Galveston Economic Report
David Stanowski Publisher
Monthly Sales Tax:
Latest Update: 16 May 2020
Sales tax collections are a very good proxy for overall economic activity, excluding investment. They are also very accurate, because they do not rely on estimates or formulas; they represent actual sales.
The following graph was generated by calculating a backward looking 12-month rolling sum, of the previous 12 month's sales tax collections, to smooth the data.
Sales tax collections topped out in February 2009, as the damage from Hurricane Ike and the 2007-2009 Great Recession slowed the Texas economy. Sales tax collections bottomed in March 2010 and remained strong until they met some headwinds in September 2015 which pushed collections down for 14 months, where they began climbing, once again. Currently, the backward looking 12-month rolling sum has exceeded $30 billion for the last 28 months!
To get a more "dynamic" and "internal" look at the uptrend in Texas sales tax collections, the Year-Over-Year Rate of Change was calculated to discover how the current 12-month trailing sum of sales tax collections compared to the sum 12 months ago throughout the period in question.

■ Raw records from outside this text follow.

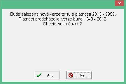 Má-li předmět přiřazenou anotaci nebo text, jejichž počáteční rok platnosti je menší než rok. pro který se provádí úprava, je možné vytvořit novou časovou verzi textu. Nová verze bude platná od roku, pro který se úprava provádí.
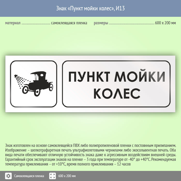 Знак «Пункт мойки колес», И13 (пленка, 600х200 мм) в Волгограде купить
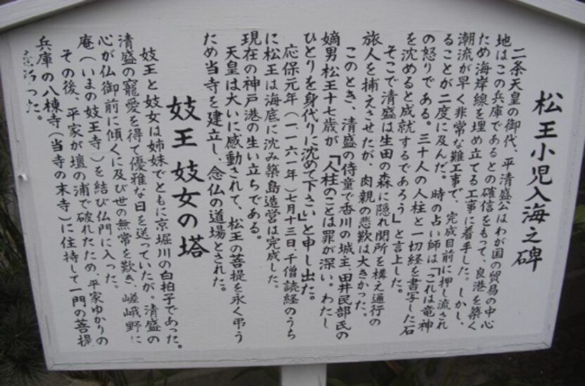 平清盛が承安年間(1171~75)、経ヶ島の築造がなかなか進まず、清盛の小姓であった17歳の松王丸が人柱となって身をささげ無事経ヶ島が完成。その島の上に現在島上町ができて地続きとなっている。境内に松王丸の供養塔と清盛が愛した白拍子祇王と祇女の五輪塔があります
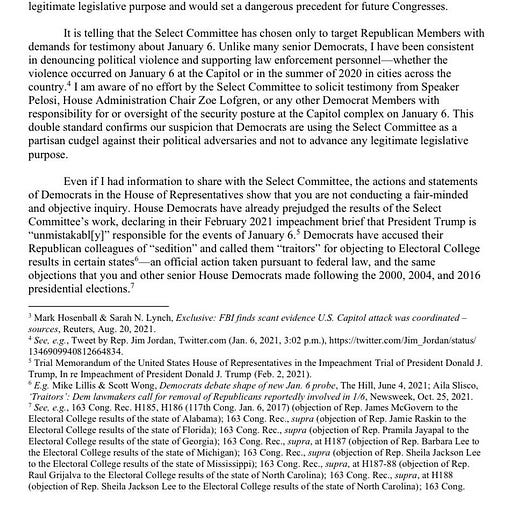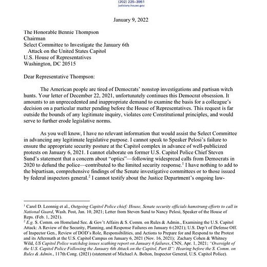 And so over the weekend, Jordan wrote the House committee investigating Jan. 6th that he would decline its invitation to testify voluntarily under oath.
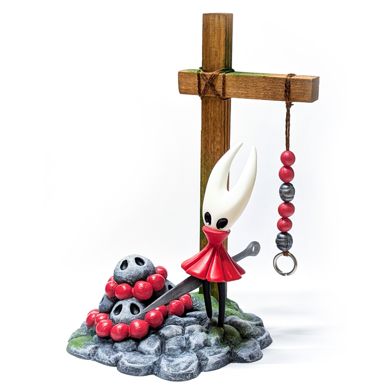 This figure comes with rosary beads, carefully recreated as a resin detail — a nod to the trinkets and charms she gathers on her journey—a perfect piece for fans who want to bring a bit of Silksong’s lore into their collection.

The positive rate-of-change in Texas sales tax collections peaked in October 2006. The first two years after that show the effect of the world-wide economic slowdown that preceded the financial crisis. After that, Hurricane Ike and the effects of the Great Recession drove the rate-of-change down to -10.57% in March 2010.
The FED's unprecedented credit creation, in response to the 2007-2009 crisis, allowed the State economy to stage a dramatic recovery, but the rate of recovery peaked in August 2012 at a slightly lower level of momentum than registered at the October 2006 peak.
After the August 2012 peak, the growth rate of sales tax collections contracted for the next 4 1/2 years, but it has rebounded since the September 2016 low, at -2.74%; however, it did put in a new peak 18 months ago; a peak that is lower than both the October 2006 and August 2012 highs.
Note: the Galveston Economic Report normally calculates the year-over-year Rate of Change using smoothed data to reduce "random" fluctuations. However, in times of extreme moves, smoothing makes it difficult to appreciate the full extent of such moves. Therefore, due to the sudden and devastating impact of the Corona Virus Lockdown on the Texas economy, the unsmoothed Rate of Change between April 2019 and April 2020 was added to this month's report and found that April 2020's sales tax collections were 9.29% below those during April 2019!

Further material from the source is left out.